Most people don't want to pay for anything. Look at all of the workarounds for news sites. I try to pay or donate for most of what I use but there seem to be a lot of people who want to get everything for free.
I totally won't mind paying for the occasional article I open, if micropayments were a thing! Pay a quarter, read something worthy.
The problem is that micropayments are not interesting for most news outlets: the friction of current solutions is high, the resulting revenue stream, unsteady. Monthly / yearly subscriptions bring a better revenue stream, and cost way less.
If micropayments were indeed zero-friction, and effectively zero-cost, maybe they'd be (reluctantly) integrated.
My experience w/ most news outlets is that they have a random article I'm linked to. That's not worth a subscription in my mind. A news service you have an ongoing relationship with is.
I'm deeply disturbed of this normalization of software as a subscription service. I want the return of good old days when people could pay once for their software and use it in perpetuity.
This is not a subscription to use the browser. You can always build it from source and use for free, as designed.
This is a commitment to support the development, because the development should be oingoing. Not Netflix-style, but Patreon-style.
(Also see how JetBrains handles "subscriptions" to their closed-source software. Once you've paid, the version is forever yours.
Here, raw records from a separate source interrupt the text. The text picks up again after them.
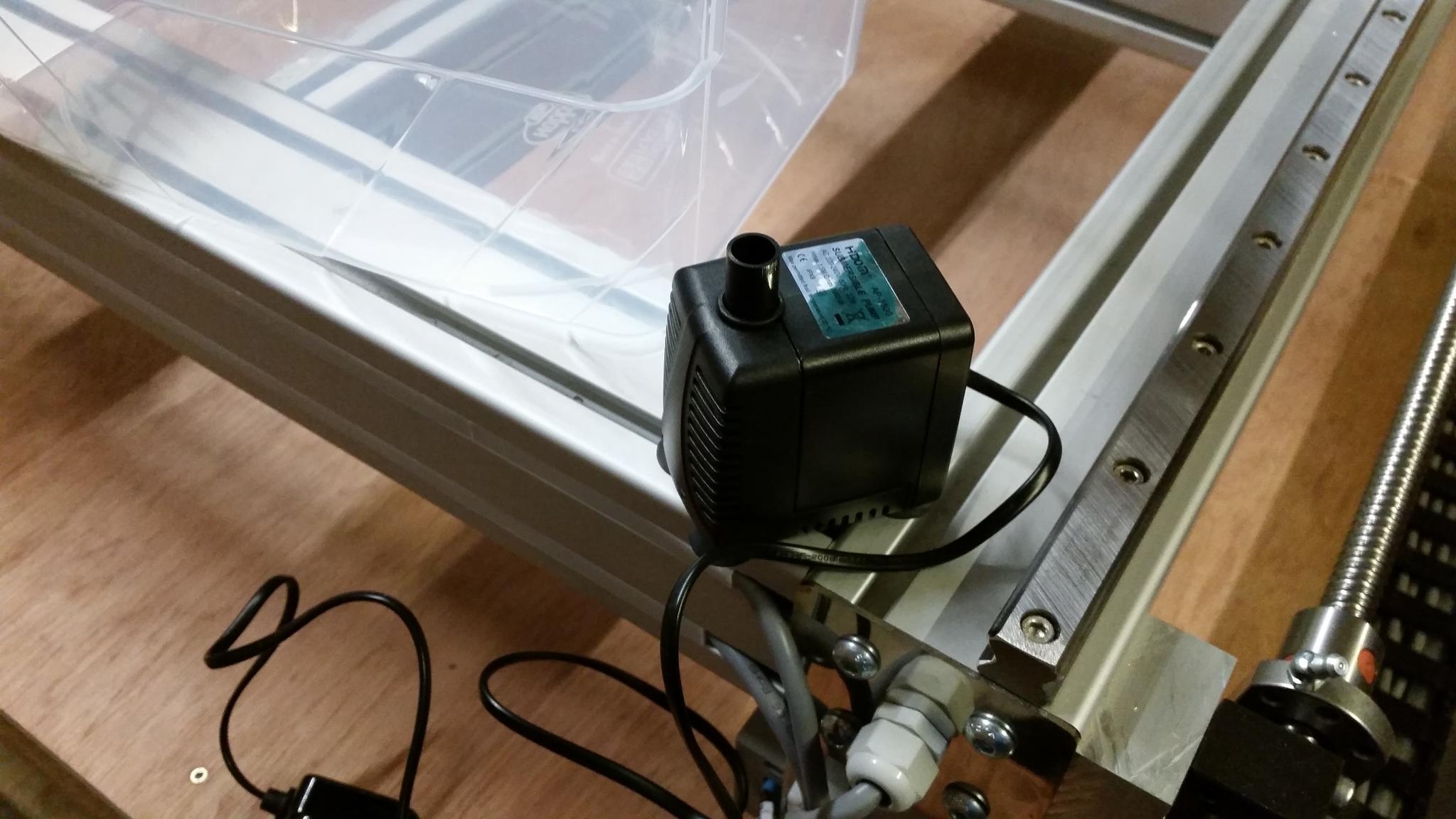 3. Bought 13 liters tank for coolant I think should be ok? I had a tiny aquarium pump 1000l/h wich probably will not be powerful enough to lift the water all the way to the spindle, so might be looking for something bigger. I was thinking use car antifreeze and mix it with distilled water, so the system will be clean, and in the coldest times in the winter it will not freeze inside the spindle. What are your suggestions on that?
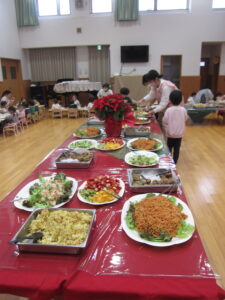 給食先生が早くから計画して下さったお料理、豊かな食事の時を過ごしました。神様の恵みに感謝です。
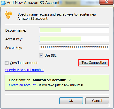 2.输入「Display Name」、「Access key」、「Secret key」以后,点击「Test Connection」。

Updates are bought with some additional sums if desired.)
I hate the "subscriptionification" of everything as much as anybody, but there is a cost to ongoing updates to software. Especially on something like a browser, where both standards and exceptional behavior contrary to the standards change rapidly.
Maybe we could go back to where people paid once and could pay separately for support?
subscription is a significantly fairer revenue model for software which undergoes regular upgrades and has support, which is most software nowadays.
It makes sure that people who continue to use continue to pay. Upfront charges are often either too low with long term users free-riding or too high, in case the project is abandoned. Subscription makes it much more likely to price products correctly.
Leaving nonpaying users on old versions on browsers with security issues and who will no longer support the latest web standards will be bad for the web.
If users want to stay on an old version, why shouldn't they be allowed to? Sure, there may be additional security considerations or missing functionality, but there's nothing wrong with a user making that choice.
This model gets implemented, and then the comments section is littered with "I prefer when I didn't need to pay for software upgrades and backward compatibility!"
Yeah, people can get irrational about such things (like ignoring that they're only paying when they choose to rather than paying every month automatically).
But the solution to this is to offer both forms, as several companies do.
Of all the types of software where you should be ok paying a subscription, browsers are the ones where should be most ok with it. Browsers, more than anything else, need constant updates because they're by far the biggest and juiciest attack surface for hackers, and also web devs will just stop supporting you if you're not on top of the treadmill of browser standard updates.
It's not feasible at all to call a browser "done" and leave it alone, so if you want one that's independent from adtech, a subscription is kind of your only option.
I remember the forced obsolescence. There were a few good software packages but many would frequently force you to upgrade from version 12.31 to 13.0 which isn't backward compatible i.e., "This software doesn't run on Windows XP"
At least with Microsoft, they are fanatics about backwards compatibility. It is pretty
rare for something designed for an OS prior to Windows XP
to not run on current Windows OS versions.